/isaac-ppo

Implementation of the RL Algorithm Proximal Policy Optimization. Created for Isaac Sim Orbit

Primary LanguagePythonMIT LicenseMIT

Isaac Proximal Policy Optimization

This repository contains an implementation of the RL Algorithm Proximal Policy Optimization. The implementation is based on the paper Proximal Policy Optimization Algorithms by Schulman et al. and is inspired from RSL_RL.

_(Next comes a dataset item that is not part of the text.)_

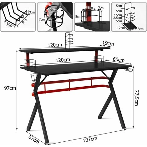 La nostra scrivania da gaming è la scelta perfetta per giocare ai videogiochi! Realizzata con una struttura di metallo resistente, è molto stabile e regge grandi capacità di peso. La superficie ampia con la mensola per il monitor permette di avere un grande spazio per tutte le attrezzature da gaming come tastiera, bicchiere, computer e riviste. Con un porta bicchiere, 2 supporti audio, un gancio per cuffie, una mensola per videogiochi e 2 porta cavi, la scrivania ti fa avere tutto il necessario a portata di mano. La struttura ergonomica e la dimensione ti offrono un’esperienza di gioco molto comoda senza stancarti. Inizia a giocare comodamente con questa scrivania!
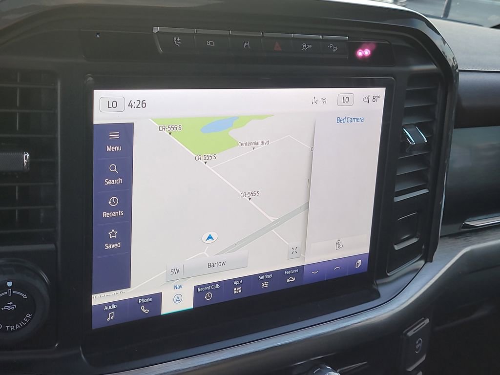 Bed Utility Package (BoxLink, LED Box Lighting, Power Tailgate, and Tailgate Step w/Tailgate Work Surface), Equipment Group 502A High (2nd Row Heated Seats, Heated Steering Wheel, Leather-Trimmed Bucket Seats, LED Projector w/Dynamic Bending Headlamps, Onboard 400W Outlet, Power Glass Sideview Mirr w/Chrome Skull Caps, Power Tilt/Telescoping Steering Column w/Memory, Radio: B&O Sound System by Bang & Olufsen, Rain-Sensing Wipers, Universal Garage Door Opener, and Wireless Charging Pad), Ford Co-Pilot360 Active 2.0 (Active Park Assist 2.0 and BlueCruise), FX4 Off-Road Package (4x4 FX4 Off-Road Bodyside Decal, Hill Descent Control, Monotube Rear Shocks, Off-Road Tuned Front Shock Absorbers, Rock Crawl Mode, and Tray Style Floor Liner (47W)), Lariat Chrome Appearance Package (Chrome Single-Tip Exhaust, 6" Bright Polished Running Board, Chrome 2-Bar Grille w/4 Minor Bars, Chrome Door & Tailgate Handles w/Body-Color Bezel, Chrome Skull Caps on Exterior Mirrors, and Wheels: 18" Chrome-Like PVD), Lariat Sport Appearance Package (Accent-Color Angular Step Bars, Body-Color Front & Rear Bumpers, Box Side Decals, Dark 2-Bar & 1 Minor Bar Style Grille, and Wheels: 18" 6-Spoke Machined Aluminum), Tow Technology Package (360 Degree Camera, Integrated Trailer Brake Controller, and Pro Trailer Backup Assist), F-150 Lariat, 4D SuperCrew, 3.5L PowerBoost Full-Hybrid V6, 10-Speed Automatic, 4WD, Carbonized Gray Metallic, Black Leather, 18" Machined-Aluminum Wheels, 4-Wheel Disc Brakes, 7 Speakers, ABS brakes, Active Park Assist 2.0 Removal, Adjustable pedals, Air Conditioning, Alloy wheels, AM/FM radio: SiriusXM with 360L, Auto High-beam Headlights, Auto Start-Stop Removal, Auto-dimming door mirrors, Auto-dimming Rear-View mirror, Automatic temperature control, Brake assist, Bumpers: chrome, Class IV Trailer Hitch Receiver, Compass, Connected Built-In Navigation, Delay-off headlights, Driver door bin, Driver vanity mirror, Dual front impact airbags, Dual front side impact airbags, Electronic Stability Control, Emergency communication system: SYNC 4 911 Assist, Exterior Parking Camera Rear, Front anti-roll bar, Front Center Armrest w/Storage, Front dual zone A/C, Front fog lights, Front reading lights, Front wheel independent suspension, Fully automatic headlights, Heated door mirrors, Heated front seats, Illuminated entry, Interior Work Surface, Leather-Trimmed 40/20/40 Front Seat, LED Sideview Mirror Spotlights, Low tire pressure warning, Memory seat, Occupant sensing airbag, Outside temperature display, Overhead airbag, Overhead console, Panic alarm, Passenger door bin, Passenger vanity mirror, Pedal memory, Power door mirrors, Power driver seat, Power passenger seat, Power steering, Power windows, Pro Power Onboard - 7.2KW, Radio data system, Radio: AM/FM SiriusXM w/360L, Radio: B&O Unleashed Sound System by Bang & Olufsen, Rear reading lights, Rear seat center armrest, Rear step bumper, Rear window defroster, Remote keyless entry, Security system, Speed control, Speed-sensing steering, Split folding rear seat, Steering wheel mounted audio controls, SYNC 4 w/Enhanced Voice Recognition, Tachometer, Telescoping steering wheel, Tilt steering wheel, Traction control, Trip computer, Turn signal indicator mirrors, Twin Panel Moonroof, Variably intermittent wipers, Ventilated front seats, Voltmeter, and Wheels: 20" 6-Spoke Dark Alloy Painted Aluminum.

It is meant to be used as alongside Isaac Sim Orbit. This allows us to train agents using multiple parallel environments. The default hyperparameters are optimized for Isaac Sim Orbit.

Installation

Isaac Sim Orbit

To use this package make sure Isaac Sim and Orbit have been installed correctly. Installation instructions can be found here Isaac Sim and Isaac Sim Orbit. Make sure you setup the virtual environment for orbit and activate it before proceeding.

Isaac PPO

pip install .

Or in development mode

pip install -e .

Usage

We only support continuous action spaces at the moment.

Training

import gymnasium as gym
from isaac_ppo import PPO, Hyperparameters

from omni.isaac.orbit.app.app_launcher import AppLauncher
from utils.argparser import get_argparser

"""
Launch Isaac Sim as global variables
"""
parser = get_argparser()

# Append AppLauncher cli args
AppLauncher.add_app_launcher_args(parser)

# Parse the arguments
args_cli = parser.parse_args()

# Launch Omniverse
app_launcher = AppLauncher(args_cli)
simulation_app = app_launcher.app

# Import the necessary modules after Isaac Sim is launched
from omni.isaac.orbit_tasks.utils import parse_env_cfg

# Parse the arguments
# Environment configuration
env_cfg = parse_env_cfg(args_cli.task, use_gpu=not args_cli.cpu, num_envs=args_cli.num_envs)

# Create the environment
env = gym.make(args_cli.task, cfg=env_cfg)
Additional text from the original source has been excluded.